Now, take an other plane $\;\mathcal P_2\;$ parallel to the $\;xy\;$ plane at $\;z=h\;$ with a uniform surface charge density $\;\sigma_2\;$ producing its own $\;\mathbf{E}_2\;$ and find $\;\mathbf{E}\left(x,y,z\right)=\mathbf{E}_1\left(x,y,z\right)+\mathbf{E}_2\left(x,y,z\right)$.

Proof of equation \eqref{eq01} using Coulomb's Law only

In Figure-01 a test charge $\;q\;$ is at a height $\;h\;$ over a plane $\;\mathcal P\;$ with uniform surface charge density $\;\sigma$. Let a ring of finite radius $\;R\;$ and of infinitesimal width $\;\mathrm dR$. If we take a piece of the ring of infinitesimal length $\;\delta\ell\;$ then the infinitesimal area $\;\mathrm dR\cdot\delta\ell\;$ carries charge $\;\sigma\cdot\mathrm dR\cdot\delta\ell\;$ and exerts on the charge $\;q\;$ a force
$$\delta\mathbf{f}=\dfrac{q\cdot\left(\sigma\cdot\mathrm dR\cdot\delta\ell\right)}{4\pi\epsilon_{0}r^2}\dfrac{\mathbf{r}}{\;r\;} \tag{02}\label{eq02}$$ This force has components normal and parallel to the plane $\;\mathcal P\;$ $$\delta\mathbf{f}=\delta \mathbf{f}_{\boldsymbol z}\boldsymbol{+}\delta \mathbf{f}_{\boldsymbol{\rho}} \tag{03}\label{eq03}$$ If we integrate with respect to $\;\ell\;$ we have $$\underbrace{\oint_\ell\delta\mathbf{f}}_{\mathrm d \bf F}=\underbrace{\oint_\ell\delta \mathbf{f}_{\boldsymbol z}}_{\mathrm d \mathbf{F}_{\!\boldsymbol z}}\boldsymbol{+}\underbrace{\oint_\ell\delta \bf f_{\boldsymbol{\rho}}}_{\mathrm d \bf F_{\! \boldsymbol{ \rho}}} \tag{04}\label{eq04}$$ or $$\mathrm d \mathbf{F}=\mathrm d \mathbf{F}_{\!\boldsymbol z}\boldsymbol{+}\mathrm d \mathbf{F}_{\! \boldsymbol{ \rho}} \tag{05}\label{eq05}$$ Because of the rotational symmetry with respect to the vertical $\;z-$axis the components $\;\delta \bf f_{\boldsymbol{\rho}}\;$ cancel out so $\;\mathrm d \bf F_{\!\boldsymbol{ \rho}}=\boldsymbol{0}\;$ and $$\mathrm d \mathbf{F}=\mathrm d \mathbf{F}_{\!\boldsymbol z}=\dfrac{q\sigma}{2\epsilon_{0}}\dfrac{R\cos\theta\mathrm dR}{r^2}\mathbf{k} \tag{06}\label{eq06}$$ Now from the geometry of this configuration \begin{align} R &=h\tan\theta \tag{07.1}\label{eq07.1}\\ \mathrm dR &=\dfrac{h}{\cos^2\theta}\mathrm d\theta \tag{07.2}\label{eq07.2}\\ r^2 &=\dfrac{h^2}{\cos^2\theta} \tag{07.3}\label{eq07.3} \end{align} and replacing in \eqref{eq06} $$\mathrm d \mathbf{F}=\dfrac{q\sigma}{2\epsilon_{0}}\sin\theta\,\mathrm d\theta\,\mathbf{k} \tag{08}\label{eq08}$$ Integrating $$\mathbf{F}=\dfrac{q\sigma}{2\epsilon_{0}}\left(\int\limits_{0}^{\pi/2}\sin\theta\,\mathrm d\theta\right)\mathbf{k}=\dfrac{q\sigma}{2\epsilon_{0}}\Bigl[-\cos\theta\Bigr]_{0}^{\pi/2}\mathbf{k}=\dfrac{q\sigma}{2\epsilon_{0}}\mathbf{k} \tag{09}\label{eq09}$$ so $$\mathbf{E}=\dfrac{\mathbf{F}}{q}= \dfrac{\sigma}{2\epsilon_{0}}\,\mathbf{k} \tag{10}\label{eq10}$$ a result independent of the position coordinates of the test charge $\;q$.

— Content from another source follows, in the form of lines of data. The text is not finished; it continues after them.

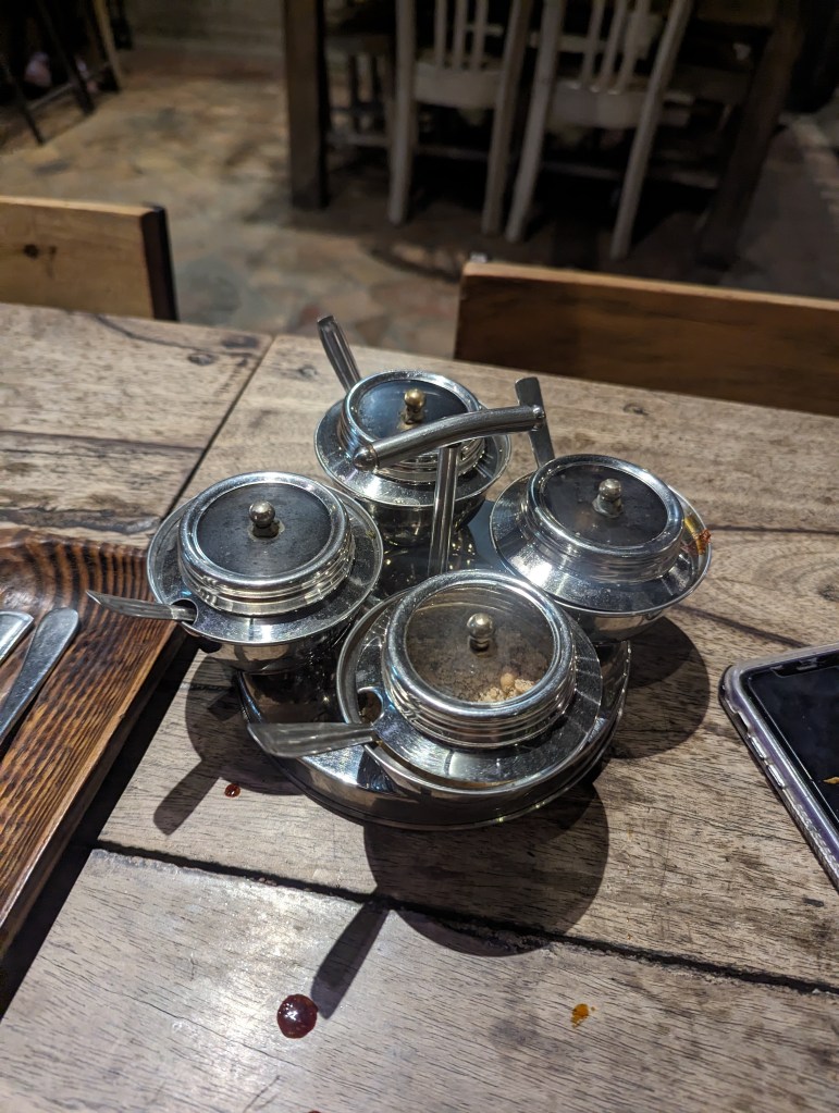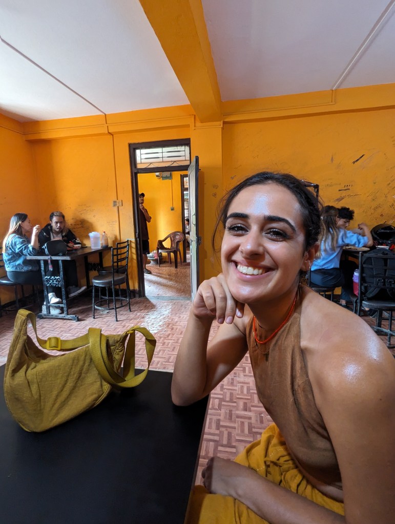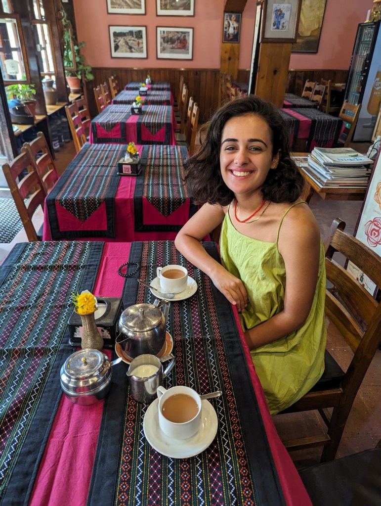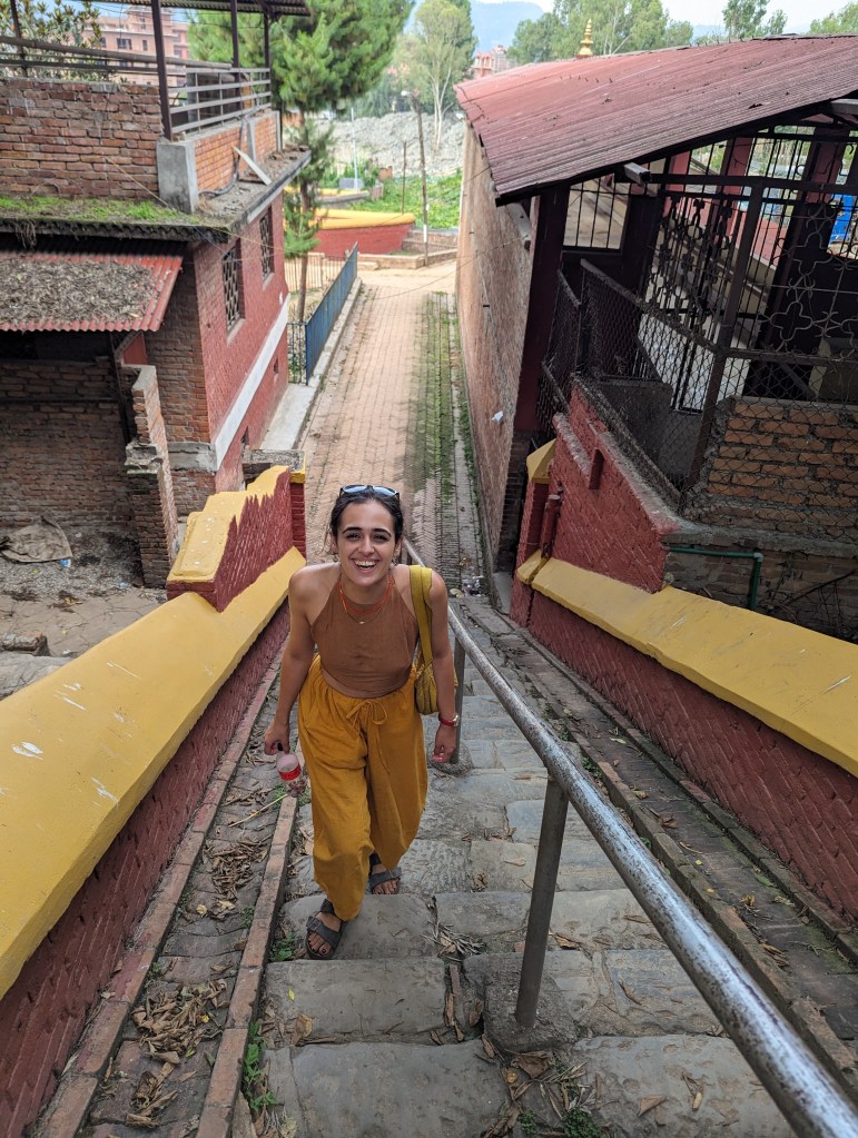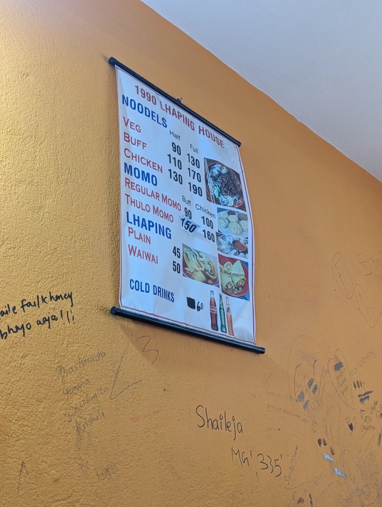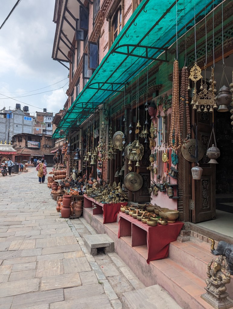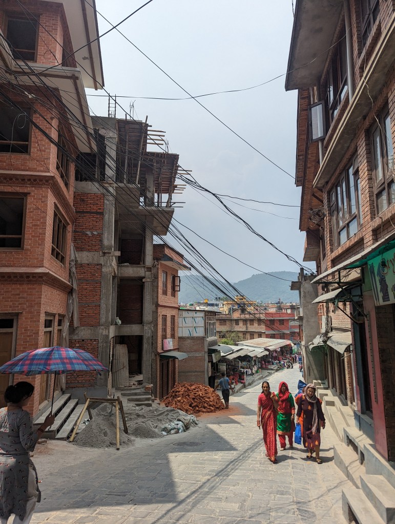 The pottery shop was lovely (and mercifully dry), and I somehow convinced Ellie that we would have space to carry a yellow teapot home with us in our hand luggage. Armed with the teapot, we headed back out onto the streets and to a local place for lunch. The cafe was the Nepali equivalent to the locals’ cafeterias we had sometimes been to in India, and we were served our momos and chow mein by a team of very young, industrious waiters captained by someone who could have been their father or their manager (or, probably, both).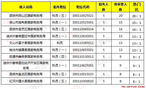 云南省國(guó)稅局職位報(bào)名人數(shù)分析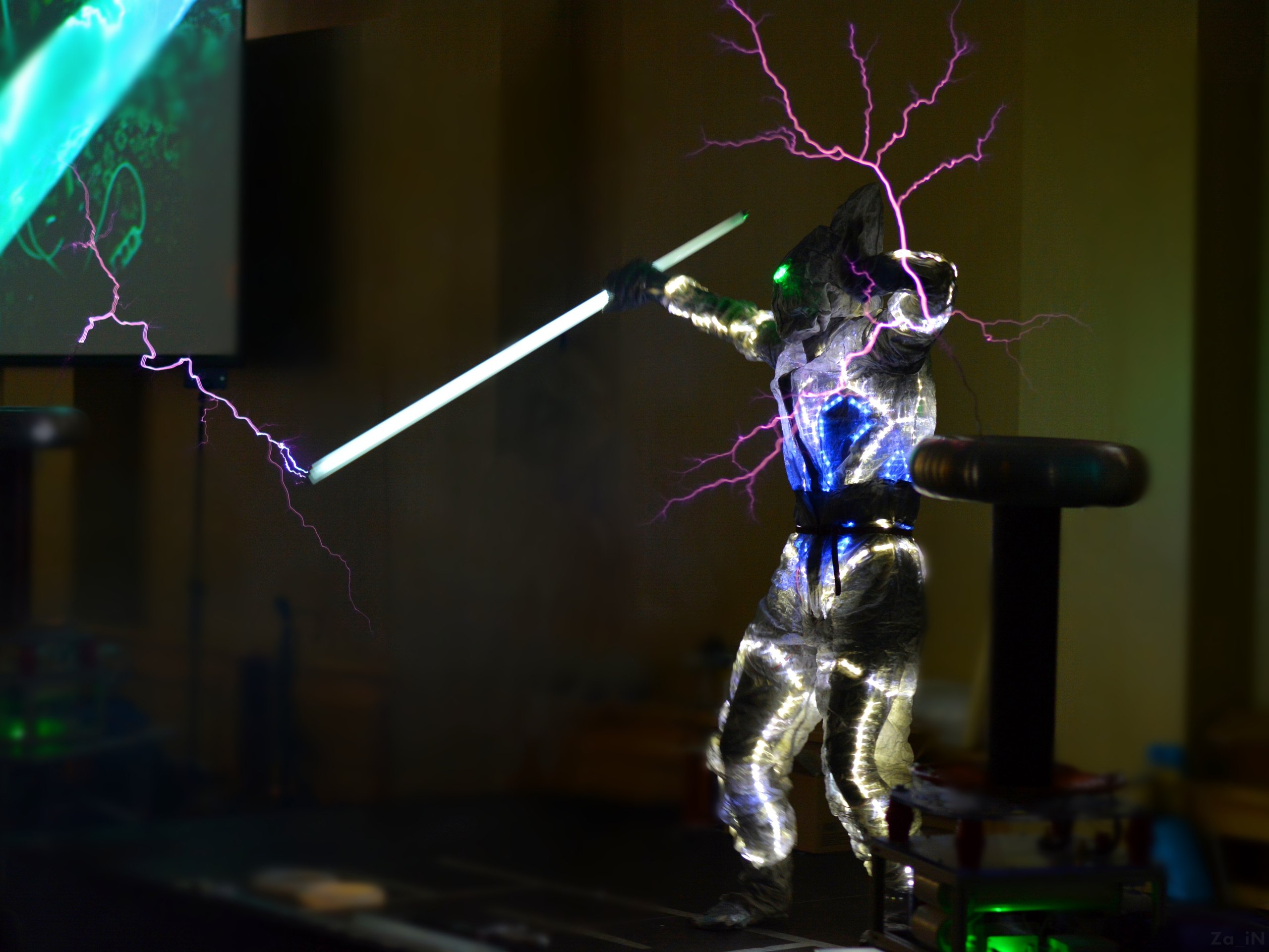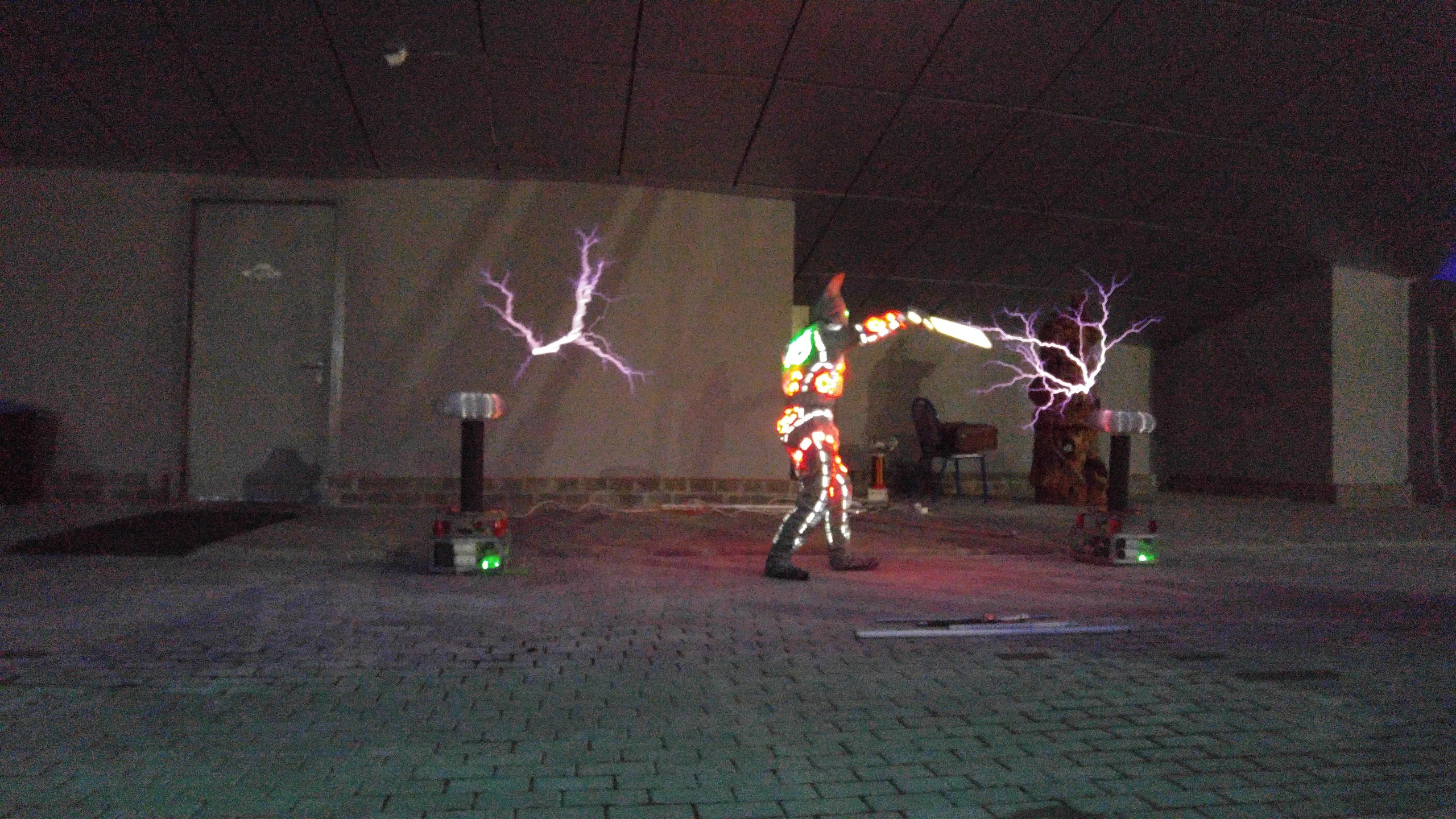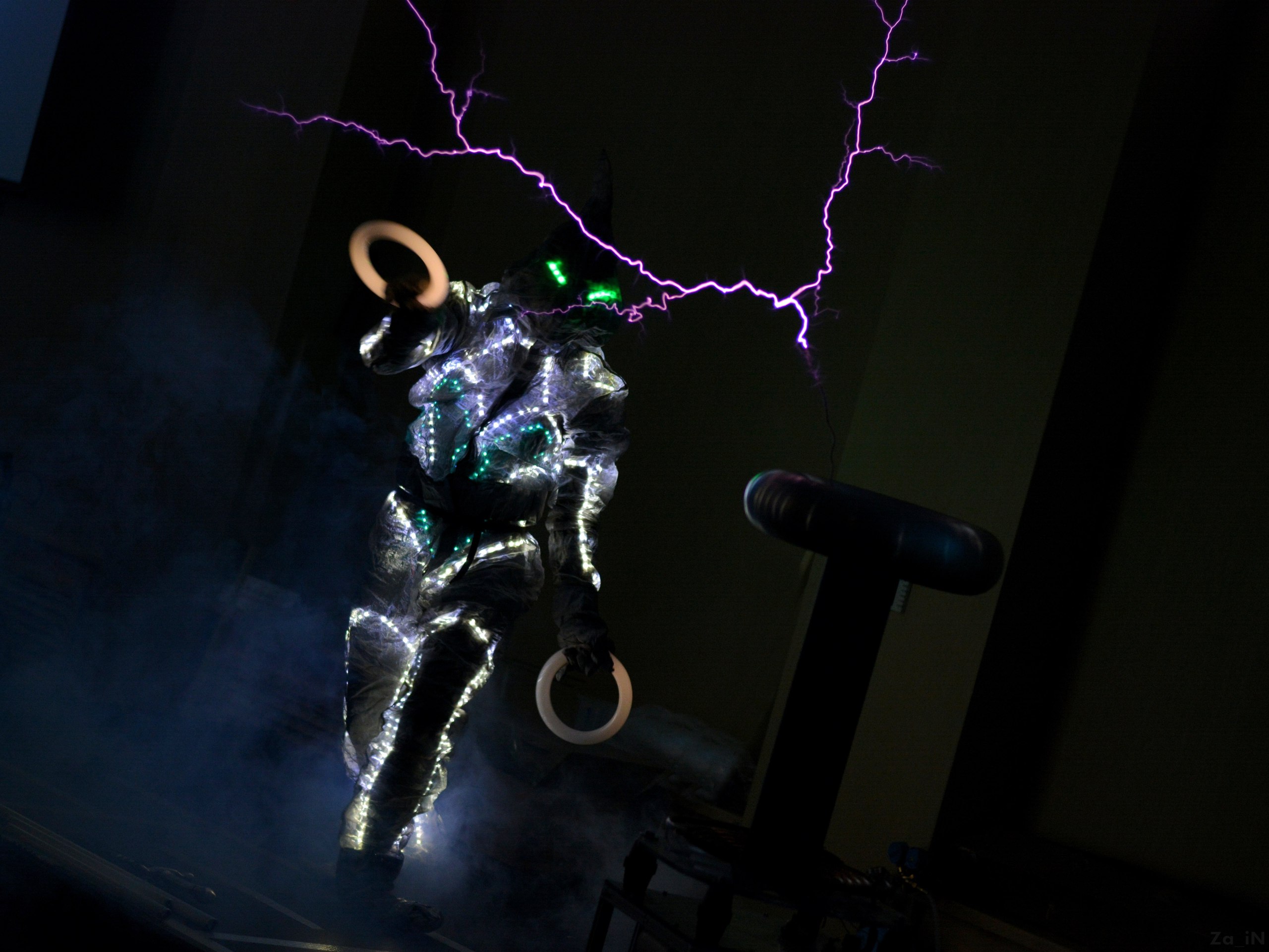 Комплект для запуска полноценного музыкального Тесла-шоу включает в себя две катушки Тесла модели DR1 с длиной разряда до 1,5 метров каждая, поддержкой музыкальной модуляции разряда через MIDI с управлением с ноутбука, а также молниезащитный костюм для артиста. Владельцы данного комплекта успешно работают в Калининграде, Краснодаре, Москве, Сочи, и других городах России — присоединяйтесь и Вы!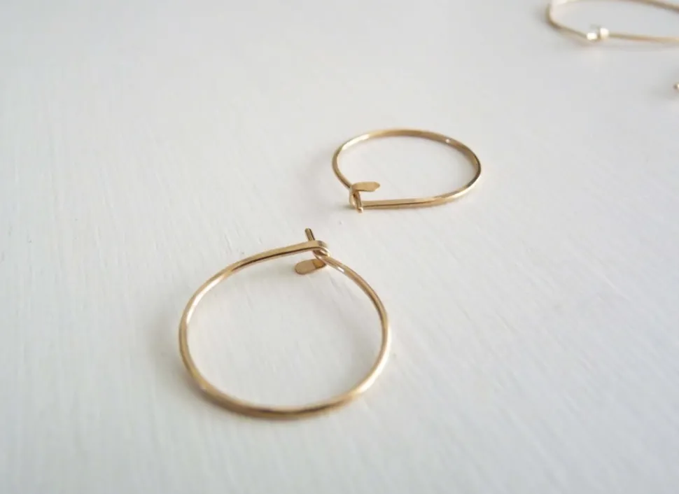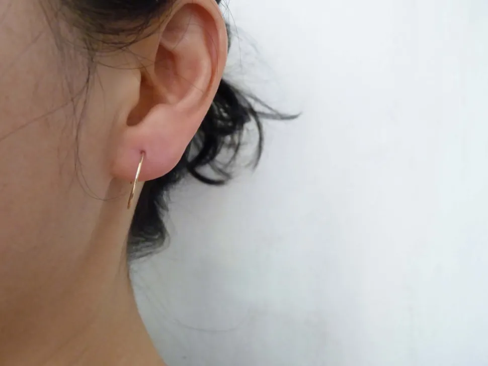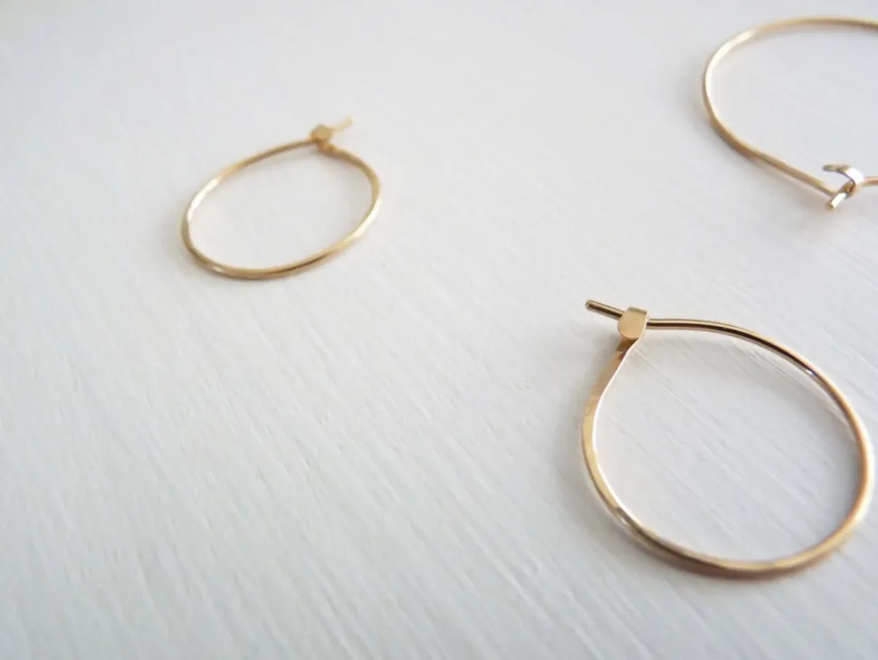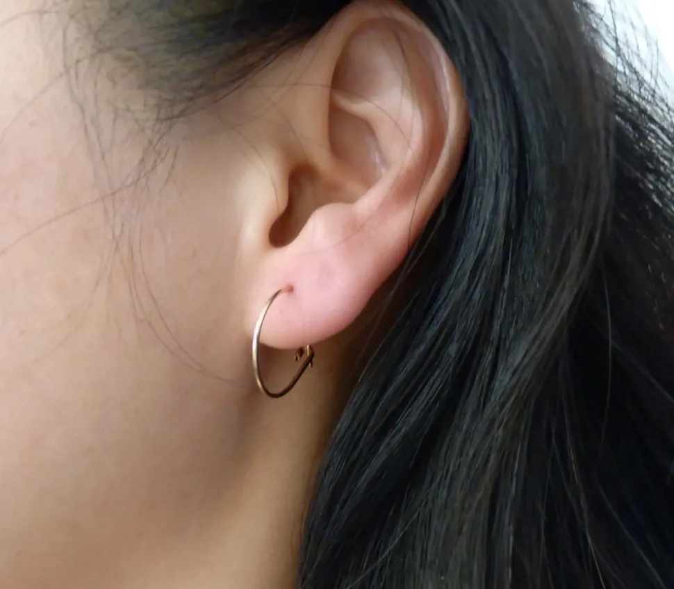 Back to basic but never boring. Small hoops that are cute as a button with the Cinq signature hammered surface. Beauty goes hand in hand with function at the elegant and simple latch closure. Slide the latch behind the ear for a streamlined hoop, or turn the closure forward as a focal point. These will be your beloved chameleon.
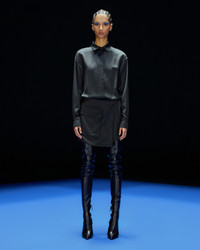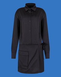 Dress with classic shirt collar and skirt with a sarong-style closure panel, in a viscose-blend satin made from certified recycled material. Emporio Armani maintains its focus on sustainability with the new Armani Sustainability Values (ASV) capsule collection, highlighting the need for a supply chain that is responsible and attentive to the resources of our planet. Named Black Blue, this futuristic collection takes us to a colour dimension that evokes distant, uncharted planets. The alternation of two key colours, blue and black, explodes in the Cosmos print, giving the entire collection a modern feel. The clothing is defined by atypical contrasting shapes: sometimes oversized for exceptional comfort and freedom of movement, and sometimes super skinny to enhance the silhouette with ultra-elongated lines. Hints of feminine colour harmoniously complete the blue-black pairing. Product Code: 6D2AA12NB6Z10999 Details Composition 49% Polyester 47% Viscose 4% Elastane The fabric is made of 49% recycled polyester Satin Classic collar Front buttoning Long sleeves Single-buttoned cuffs Wrap skirt with ties Back yoke

In Figure-02 we see the force exerted on $\;q\;$ by a ring of infinitesimal width, equation \eqref{eq08}.

In order to show that this is indeed the case you will need to use so called Gauss law. It relates flux of electric field through closed surface with charge contained inside: $$\oint \vec{E}d\vec{S} = \frac{Q}{\epsilon_{0}}$$

In general it is quite difficult to evaluate left hand side since orientation of area element $d\vec{S}$ of closed surface wrt $\vec{E}$ may vary from point to point. In some cases however it is possible to define so called Gaussian surface. It's given by the orienting $d\vec{S}$ perpendicular to $\vec{E}$(or collinear to it). For instance if you want to apply Gauss law to evaluate electric field of point charge you should pick sphere with center placed at the position of point charge.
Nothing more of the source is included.